Could you print the stretch of lines below from the one with "añade el perejil" through the one with "Kadın Tek Omuzdan", exactly as they stand and without any pictures?

::::::::::

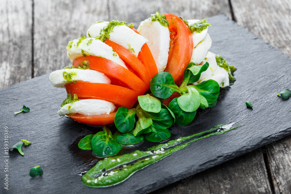 Caprese salad with Mozzarella cheese, tomatoes, pesto sauce and
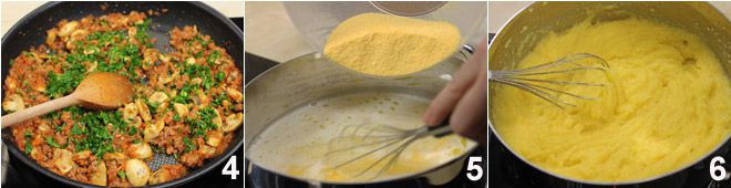añade el perejil picado 4, mezcla y apaga el fuego. Prepara la polenta vertiendo en una cacerola (mejor si es antiadherente) el agua y llévala a ebullición: añade la sal y luego el aceite de oliva virgen extra, luego vierte la harina en forma de lluvia dentro del agua en ebullición mezclando con vigor con una varilla 5, para evitar la formación de grumos. Deja cocinar a fuego lento durante al menos 5 minutos mezclando continuamente 6, luego apaga el fuego y
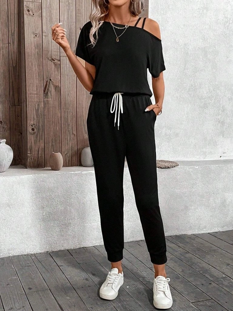Kadın Tek Omuzdan Açık Viskon Iki Iplik Bluz Bağcıklı Pantolon Ikili Takım
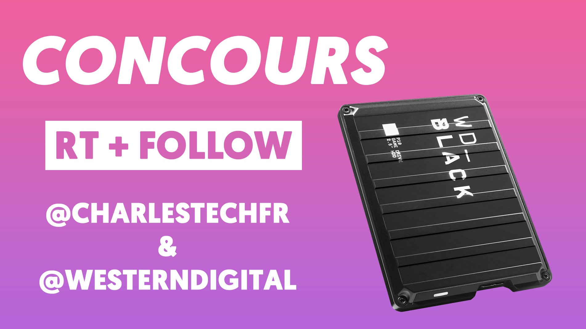 🎁 #CONCOURS - Gagne ton disque dur externe Western Digital, d'une capacité de 4 To ! 🔁 RT ce tweet 👉 FOLLOW @charlestechfr et @westerndigital 🔔 Active la cloche pour ne rien louper ! 📅 Tirage au sort le 23/12/2022
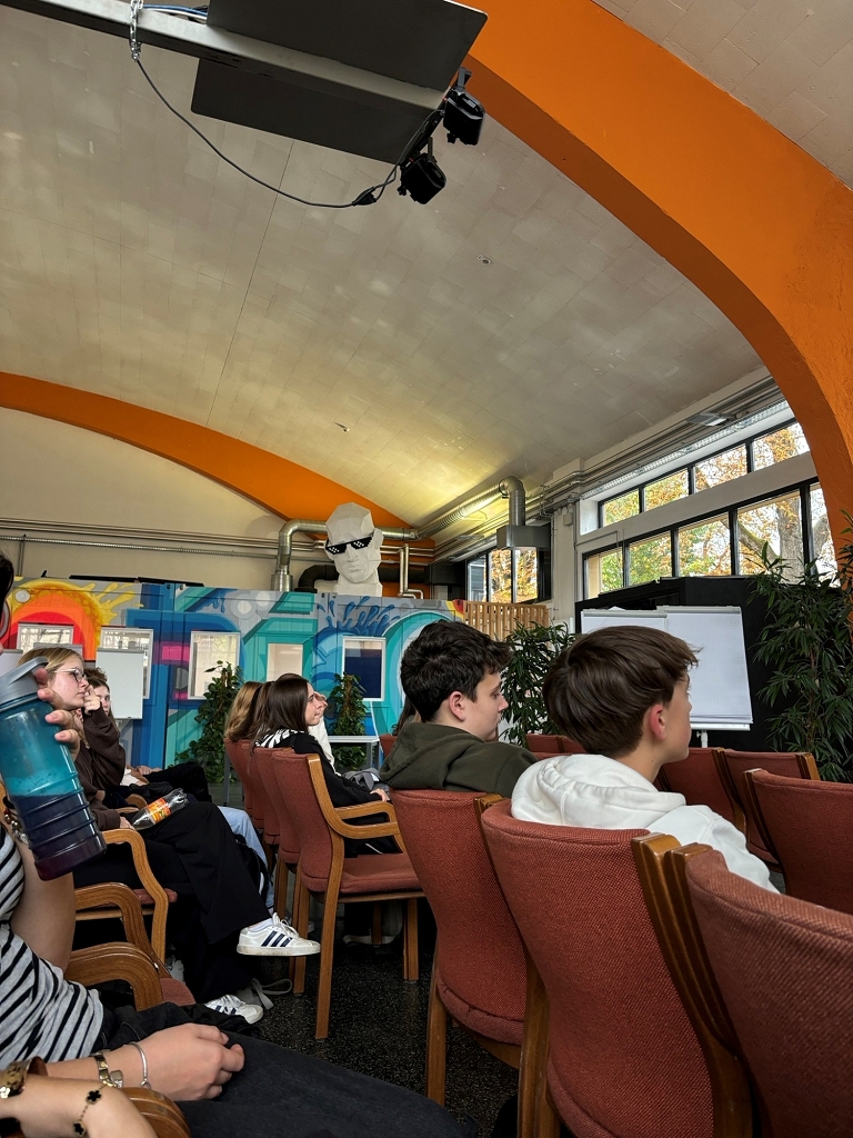 Im Bereich der Softwareentwicklung konnten die Schülerinnen und Schüler beobachten, wie digitale Projekte programmiert und umgesetzt werden können. Ein anderer Teil der Werkstatt wird für künstlerische Projekte genutzt, wobei auch der zur Verfügung gestellte 3D-Drucker zum Einsatz kommt. Als Beispiel stellte Herr Moser ein Bambusfahrrad vor – ein nachhaltiges und kreatives Projekt, das die Möglichkeiten der Werkstatt eindrucksvoll zeigt. Das Bambusfahrrad ist nur eines von vielen Beispielen, wie kreative Ideen dort in die Realität umgesetzt werden können.
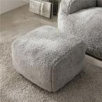 圧縮ウレタン クッションソファ オットマン 単品 もこもこファー グレー 洗える カバーリング スツール
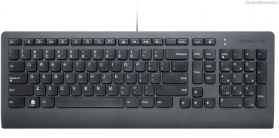 Nově se dodávají desktopy Think s aktualizovanou klávesnicí (poprvé jsem se s ní setkal u ThinkCenteru A70): stále se jedná o drátovou USB verzi, nicméně s novým designem, jemuž vévodí chiclet provedení. Klávesnice je stále pohodlná, tichá, ovšem s mělčím, gumovějším chodem, modernějším rozložením, díky kterému je skladnější a tenčí, ale především upřednostněnými vedlejšími funkcemi před F1-F12 (to je samozřejmě možné přepnout). Jinými slovy tak, jak klávesnici známe z řady Edge. Příjemnou novinkou je voděodolné provedení s odtokovými kanálky (podobně jako u ThinkPad USB Keyboard with TrackPoint).
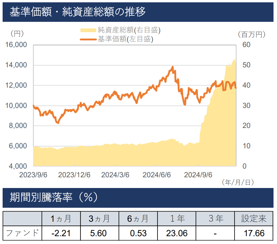 ファンド設定から1年3カ月程度ですが直近1年で+23.06%、設定来で+17.66%の騰落率になります。
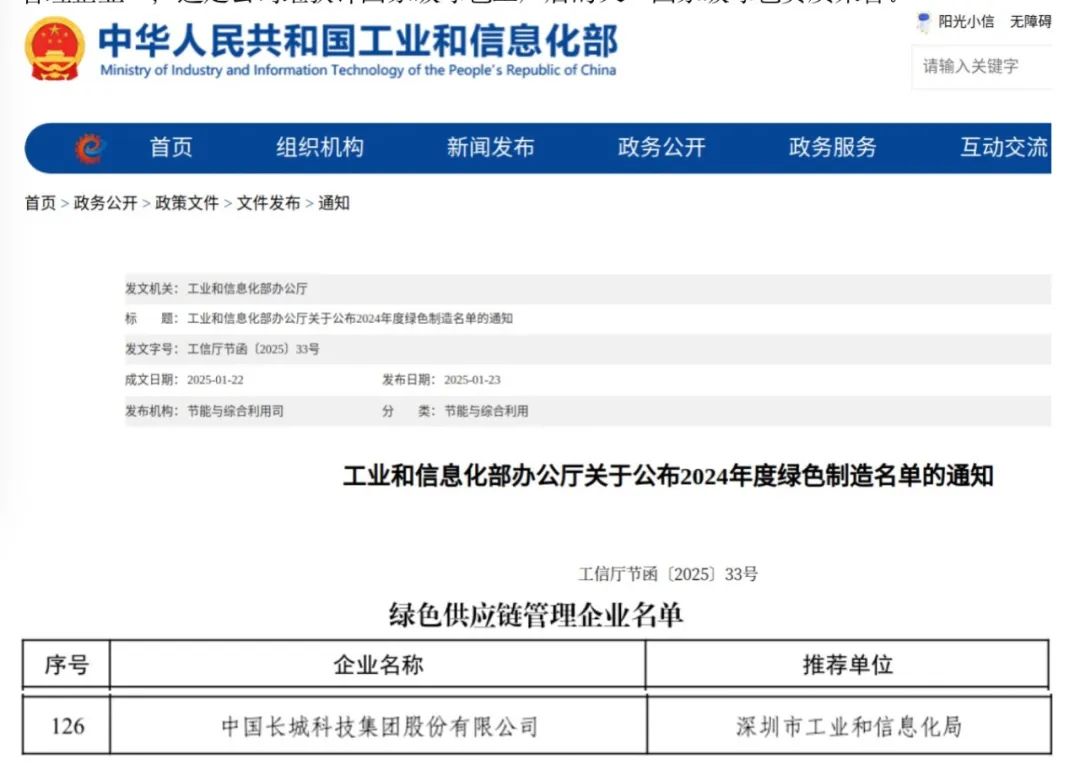 近日,国家工信部公布了2024年度绿色制造名单,中国长城荣获“国家级绿色供应链管理企业”,这是公司继获评国家级绿色工厂后的又一国家级绿色资质荣誉。

::::::::::

Exercise response →
añade el perejil picado 4, mezcla y apaga el fuego. Prepara la polenta vertiendo en una cacerola (mejor si es antiadherente) el agua y llévala a ebullición: añade la sal y luego el aceite de oliva virgen extra, luego vierte la harina en forma de lluvia dentro del agua en ebullición mezclando con vigor con una varilla 5, para evitar la formación de grumos. Deja cocinar a fuego lento durante al menos 5 minutos mezclando continuamente 6, luego apaga el fuego y
Kadın Tek Omuzdan Açık Viskon Iki Iplik Bluz Bağcıklı Pantolon Ikili Takım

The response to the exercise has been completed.